You want me to audition?...go on then. I LOVE auditioning.

So, yesterday I did an audition. Hooray. Auditioning holds no fears for me at the moment. I don't know what has happened but I think I would go as far as to say I actually enjoy them. I used to HATE auditioning but now I look forward to it. That makes me a bit of a freak I think. We are not supposed to enjoy it but I really do. Even the bad auditions are fun and that is what I want to tell you about today.

So yesterday's audition was one of the worst auditions I have done IN MY LIFETIME! However, I am amazed at how I don't feel down about it or frustrated or angry. Shit happens (sorry) and many things are out of your control. Unfortunately yesterday was bad and it was absolutely, totally my own fault that it was so bad. I was prepared. It wasn't that. So what was it? Let's start at the beginning.

My audition time was midday in Central London. I set off from home with plenty of time and all went swimmingly until I reached Leicester Square tube station. That's when I decided to trust Google Maps which sent me in the wrong direction. Although as I was walking in the wrong direction a strange man said "Jesus loves you" to me so that was nice. I realised I was going the wrong way at 11.55. I turned around and walked quickly in the direction I should have been going in in the first place and reached my destination at 12.05.

Luckily they were running a little bit late so I thought I had time to gather myself and get my breath back, having, virtually, ran all the way and then up 3 flights of stairs to the reception. Oh no, no, no. I sat down and was immediately told to go, with two other girls, upstairs. Up 4 more flights of stairs. I thought, OK if one of the other girls goes first I can compose myself out here and be ready to sing. Oh no, no, no. I had to go in straight away.

Now, those who know me will remember I used to be quite fat. I am still quite fat but I am fit (well, fitter) due to my two year obsession with Zumba and Body Combat. Unfortunately the sweaty, out of breath mess I appeared to be when I walked in the audition room, the hot audition room (so hot I thought I was in a Bikram Yoga session), probably gave the impression that I am unfit, out of shape and really not up to singing AND dancing at the same time. A fair assumption I would say.

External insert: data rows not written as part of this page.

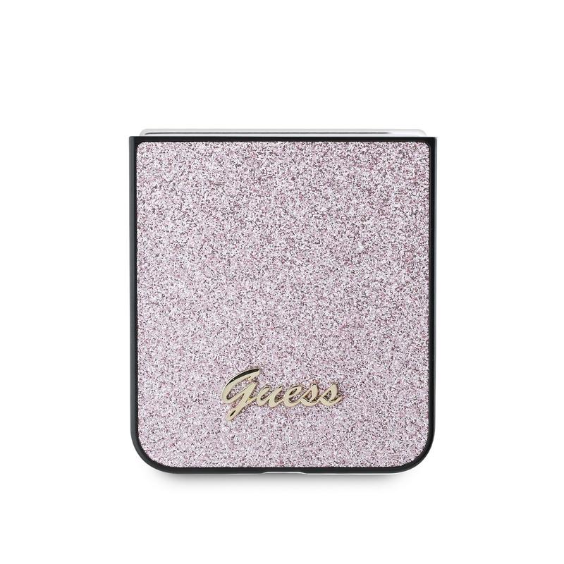 Guess Glitter Flakes Metal Logo Hybride Hoesje voor Samsung Galaxy Z Flip6, Galaxy Z Flip7 FE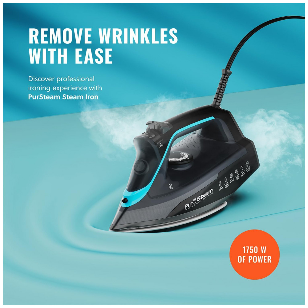 Ferro a Vapor Pursteam SteamBurst 1750W Base de Cerâmica Vapor Ajustável Jato de Vapor Autolimpeza Anticalcário Pursteam World’s Best Steamers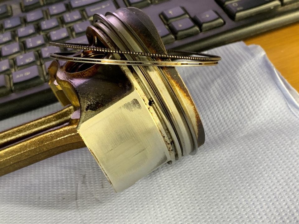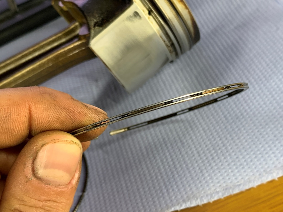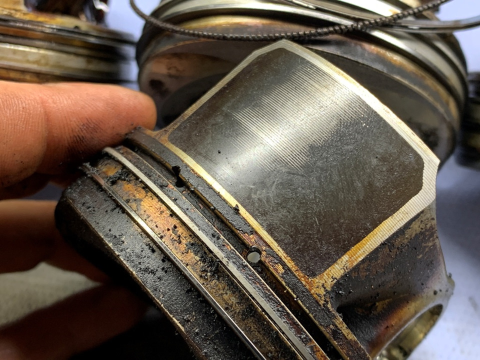 Да ничего, кроме естественного износа юбок поршней и реально отмытых маслосъёмных колец, ничего. Поршни эти изначально оснащены коробчатыми маслосъёмными кольцами с дренажными отверстиями в виде прорезей.

Anyway, I tried to stall proceedings in order to regulate my breathing by discussing the different songs I had brought to sing. Unfortunately they liked the first one I mentioned. The (excellent) pianist  took my music and started playing. No conversation about what I was doing with the song. So I started to (try to) sing. It was a belt song but because I was still out of breath I kept flipping into head voice at unfortunate moments and kept making faces that told the panel I thought what I was doing was bad. Really, really bad. I got to the end of the first verse and realised myself and the pianist had not discussed what happened after this. My music was marked up so he got over the first hurdle into the bridge unscathed but then came the repeat and frantic swishing of pages trying to get back to the appropriate page. I kept singing while trying to indicate to the pianist how sorry I was. THEN we had to go to the coda. More frantic page flipping and facial apologies from me. Final note was coming. It is LONG but not normally a problem. I got just over half way and gave up. I apologised and said I normally make it to the end. They laughed raucously, I apologised profusely using actual words and I left.

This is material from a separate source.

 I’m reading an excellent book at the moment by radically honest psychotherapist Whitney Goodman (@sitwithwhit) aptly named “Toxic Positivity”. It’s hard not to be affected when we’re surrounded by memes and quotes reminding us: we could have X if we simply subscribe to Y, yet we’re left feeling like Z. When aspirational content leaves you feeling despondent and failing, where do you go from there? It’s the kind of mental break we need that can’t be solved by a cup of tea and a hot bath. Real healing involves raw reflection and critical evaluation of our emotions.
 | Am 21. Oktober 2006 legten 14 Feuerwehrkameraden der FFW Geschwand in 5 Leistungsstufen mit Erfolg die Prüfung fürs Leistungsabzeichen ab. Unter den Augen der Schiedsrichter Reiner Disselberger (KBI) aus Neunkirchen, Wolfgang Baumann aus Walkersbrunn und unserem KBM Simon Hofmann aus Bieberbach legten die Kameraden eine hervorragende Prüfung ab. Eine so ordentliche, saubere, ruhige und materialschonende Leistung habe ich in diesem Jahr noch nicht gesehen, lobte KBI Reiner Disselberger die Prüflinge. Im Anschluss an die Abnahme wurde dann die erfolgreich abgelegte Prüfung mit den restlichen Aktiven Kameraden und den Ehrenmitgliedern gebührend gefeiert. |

I immediately called my friend to tell him of the hilarity of the situation and went for a coffee to calm myself down. As I said, though, I was not upset. That sort of experience would normally have left me distraught but I was fine. It was not the end of the world. I made my way home and started practising for the audition I have tomorrow. This time I will be there at least an hour early and might take a paper bag to breath into should there be more stairs to negotiate but I can honestly say I am looking forward to it. It really can't go any worse than yesterday's.